11. Apparatus for transferring data between a first device and a second device, the first device being operable in both a serial mode and a parallel mode, said apparatus comprising: a first input for selectively receiving data in at least one of a serial format and a parallel format from at least one of said first device and said second device; a first output for transferring data received via said first input to the other of said first device and said second device, said data being transferred in at least one of said serial format and said parallel format; and means for controlling a transfer of said data between said first device and said second device by selectively converting data of said parallel format into data of said serial format and by converting data of said serial format into data of said parallel format, said controlling means further including: a controller input for receiving data from said first device during a serial mode of operation and during a parallel mode of operation; and a controller output for transferring data to said first device during said serial mode of operation and during said parallel mode of operation.

12. Apparatus according to claim 11, wherein said first device further includes: a computer having a databus for parallel transfer of data to said first input, said second device being connected to said first output for serial transfer of data between said first output and said second device.

13. Apparatus according to claim 11, wherein said first input is connected for serial transfer of data from said second device, said first output being connected for parallel transfer of data to said first device.

14. Apparatus according to claim 11, wherein said controlling means further includes: means for buffering data for at least one of receipt by said controller input and transfer from said controller output.

15. A method for transferring data between a first device and a second device comprising the steps of: receiving data from at least one of said first device and said second device; transferring data received to the other of said first device and said second device; and controlling a transfer of data between said first device and said second device, said means for controlling further including: receiving data from one of said first device and said second device; and transferring data to the other of said first device and said second device; and buffering data for at least one of receipt by said controller input and transfer from said controller output.

16. A method according to claim 15, further including a step of: receiving parallel data from at least one of said first device and said second device.

17. A method according to claim 15, further including a step of: receiving serial data from at least one of said first device and said second device.

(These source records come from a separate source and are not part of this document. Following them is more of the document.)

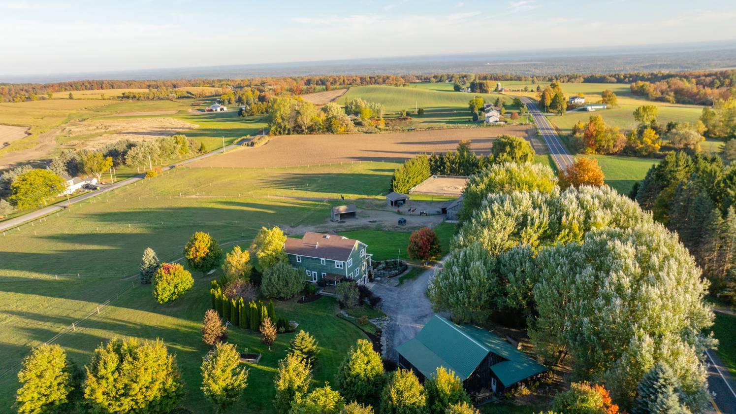 Hilltop Equine Estate - Experience breathtaking views from nearly every vantage point of this stunning hilltop estate. Thoughtfully designed and masterfully built, this 4-bedroom, 3.5-bath ICF-constructed home offers exceptional quality, energy efficiency, and comfort throughout its approximately 3500 sqft, three infloor radiant-heated levels. The main floor features a spacious kitchen overlooking the dining area, family room, and living room—ideal for everyday living and entertaining. A convenient first-floor laundry completes this level. Upstairs, you’ll find four generous bedrooms, each with picturesque views. The primary suite includes a spa-inspired bath and a ”rooftop” terrace that captures the estate’s gorgeous scenery. The lower level offers a versatile space with a full bath and kitchenette—perfect for a game room, guest suite, or in-law quarters. Outdoor living is equally impressive with a back deck and side porch, both offering tranquil views of the manicured 12+ acres. The immaculate 9-stall barn is well-lit and fully equipped with a secure tack room, viewing area overlooking the 100x120 outdoor arena, and multiple well-drained pastures and paddocks. Additional features include a large storage barn and a 2,100 sqft workshop for hobbies or creative pursuits. Come experience the beauty and functionality of this exceptional equine estate—an inspiring place to call home.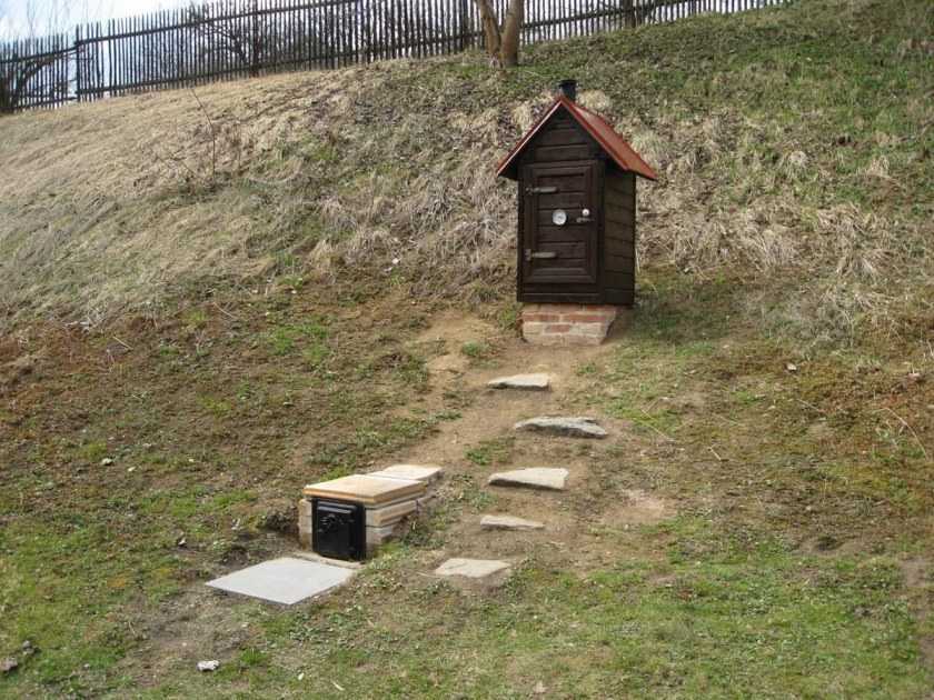 Самая простая конструкция — с дымоходом в земле. Построить коптильню с таким дымоподводящим каналом можно на склоне холма.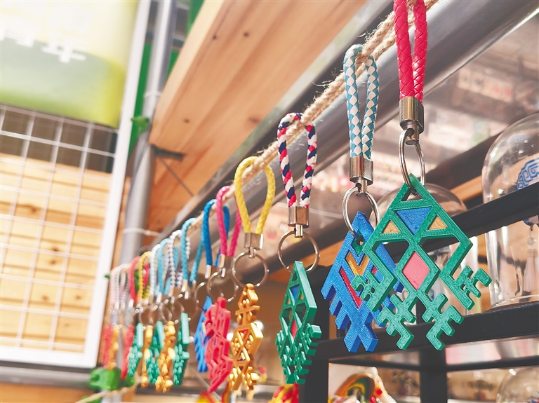 造型精美的钥匙扣、色彩鲜艳的冰箱贴、富有创意的耳环……这些并非传统的织物,而是运用3D打印技术塑造的黎锦几何艺术品。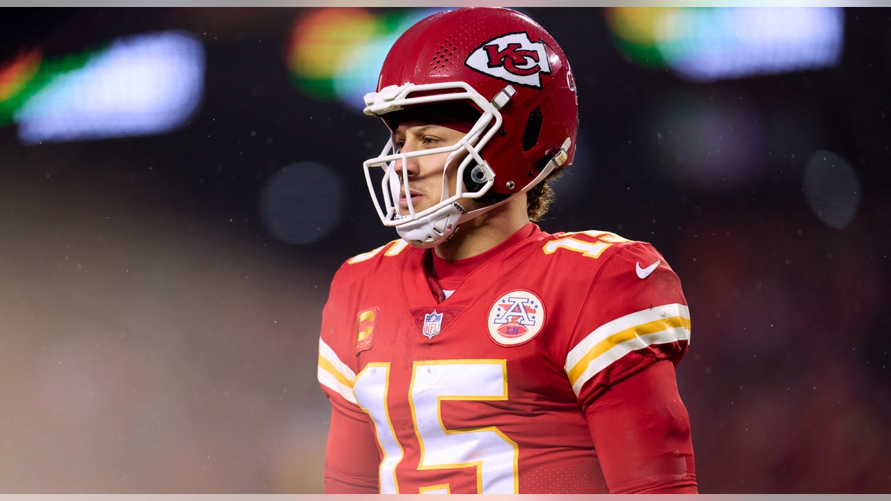 Patrick Mahomes of the Chiefs looks toward the sideline during the Jacksonville Jaguars game at Arrowhead Stadium on Jan. 21, 2023. (Cooper Neill/Getty Images)
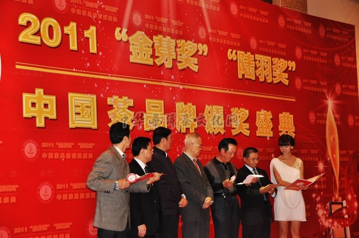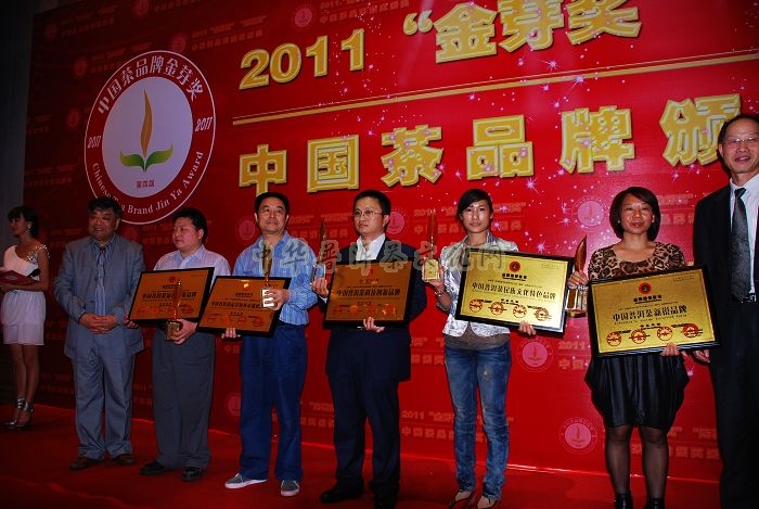 云南普洱茶協(xié)會(huì)會(huì)長(zhǎng)張寶三(左三)在頒獎(jiǎng)盛典上喜獲【2011中國(guó)茶行業(yè)特別貢獻(xiàn)獎(jiǎng)】

18. A method for transferring data between a first device and a second device, die first device being operable in both a serial mode and a parallel mode, comprising the steps of: selectively receiving data in at least one of a serial format and a parallel format from at least one of said first device and said second device; transferring data received to tiie other of said first device and said second device, said data being transferred in at least one of said serial format and said parallel format; and controlling a transfer of said data between said first device and said second device by selectively converting data of said parallel format into data of said serial format and by converting data of said serial format into data of said parallel format, said step of controlling further including: receiving data from said first device during a serial mode of operation and during a parallel mode of operation; and transferring data to first device during said serial mode of operation and during said parallel mode of operation.

19. A method according to claim 18, further including a step of: receiving parallel data from at least one of said first device and said second device.

20. A method according to claim 18, further including a step of: receiving serial data from at least one of said first device and said second device.